Five people talk about the importance of Trans Pride Brighton & Hove, which takes place virtually on Saturday (July 17). Tune in here
Trans Pride Brighton is about discovering people like me. Before transition I had never met another trans person, and I couldn’t imagine being happy as a trans person. But now if an ‘egg’ comes to Trans Pride they see that everyone is so happy, it’s so joyous to be with a group of people who are like them. People who transitioned in the ’80s and ’90s come up to me and they’re amazed that something like this can exist, because they remember when trans people were so marginalised that they couldn’t even find each other. We couldn’t even find our community. Now people can come to this one place and that’s their people, that’s their community. It’s more than just one day in summer. Trans Pride actually changes lives.
To be trans is to have to forge your own place in nature – something not many other people have to do. If you can accomplish finding your place in the world as a trans person, you’ve overcome a hurdle that the majority of the people around you can’t even comprehend.

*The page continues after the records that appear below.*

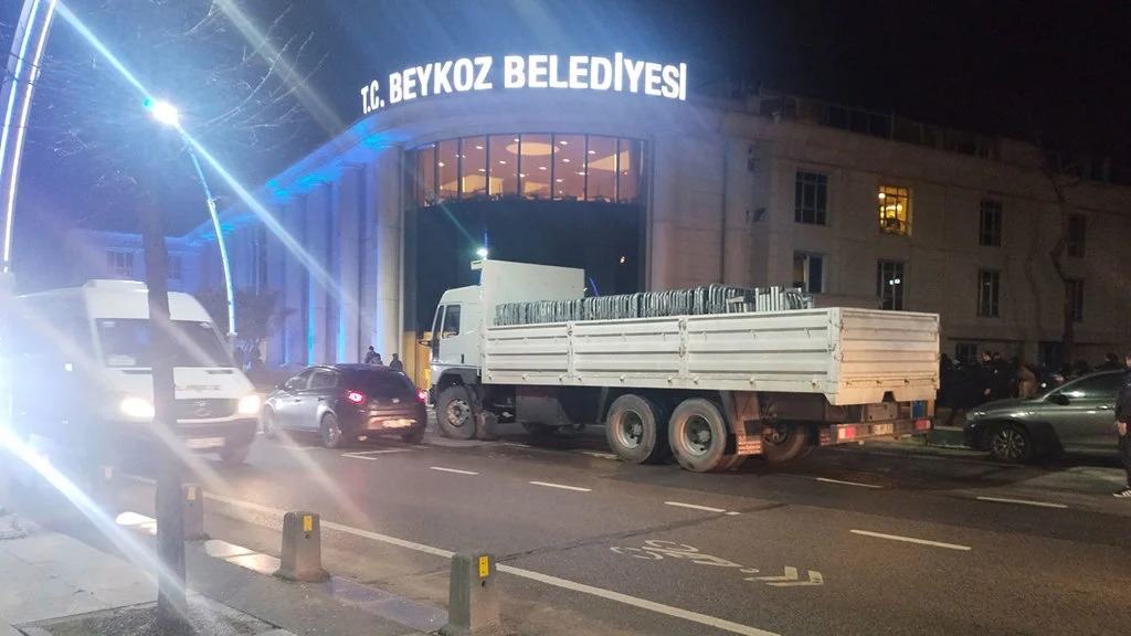 Beykoz Belediyesi binası, polis ve çevik kuvvet ekipleri tarafından bariyerlerle abluka altına alındı.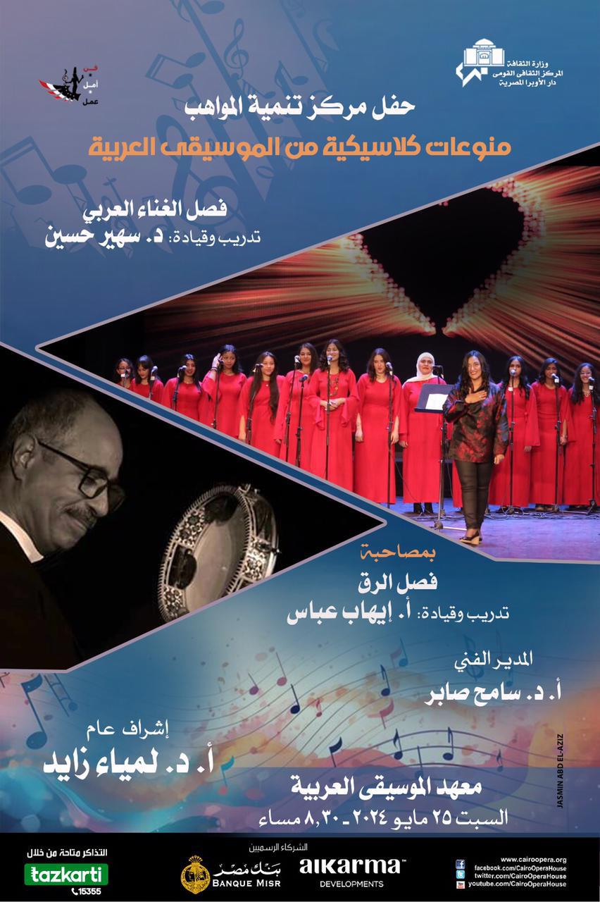تنظم دار الأوبرا المصرية برئاسة الدكتورة لمياء زايد حفلا بعنوان "منوعات كلاسيكية من الموسيقى العربية" لطلاب مركز تنمية المواهب تحت إشراف المدير الفنى للمركز الدكتور سامح صابر، وفصل الغناء العربى تدريب وقيادة الدكتورة سهير حسين.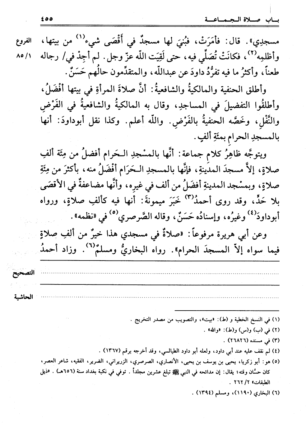 وَيَتَوَجَّهُ ظَاهِرُ كَلَامِ جَمَاعَةٍ أَنَّهَا بِالْمَسْجِدِ الْحَرَامِ أَفْضَلُ مِنْ مِائَةِ أَلْفٍ، إلَّا مَسْجِدَ الْمَدِينَةِ، فَإِنَّهَا بِالْمَسْجِدِ الْحَرَامِ أَفْضَلُ مِنْهُ، بِأَكْثَرَ مِنْ مِائَةِ صَلَاةٍ وَبِمَسْجِدِ الْمَدِينَةِ أَفْضَلُ مِنْ أَلْفٍ فِي غَيْرِهِ، وَأَنَّهَا مُضَاعَفَةٌ فِي الْأَقْصَى بِلَا حَدٍّ، وَقَدْ رَوَى أَحْمَدُ3 خَبَرَ مَيْمُونَةَ أَنَّهَا فِيهِ كَأَلْفِ صَلَاةٍ، وَرَوَاهُ أَبُو دَاوُد4 وَغَيْرُهُ، وَإِسْنَادُهُ حَسَنٌ. وَقَالَهُ الصَّرْصَرِيُّ5 فِي نَظْمِهِ.

As a Jewish person, finding other Jewish people who understand the transgender experience has been something I’ve done during the pandemic, and feel stronger for it.
Pride to me also means being kind to yourself, finding celebration among all the struggle and showing that trans people are more than our pain – we are also trans joy, trans creativity, trans talent.
Attending my first Trans Pride as an ‘out’ trans woman was a truly magical experience. Spending a lot of my life feeling othered, being surrounded by so many others with similar lived experiences felt incredibly liberating.
It’s been particularly difficult over the pandemic as a trans person, experiencing a great deal of dysphoria over the various lockdowns, so it’s been more important than ever to keep my trans siblings close.
I feel incredibly lucky to have a tight-knit community of people who will always have my back when I need it, and I theirs.
I’m an artist and also a queer trans man. I’m not proud of my identity, I’m proud of surviving in a world so hostile towards trans people. The journey I’ve been on to learn how to survive AND be visible is something I worked so hard to achieve. I’m proud of who I’m becoming in the process.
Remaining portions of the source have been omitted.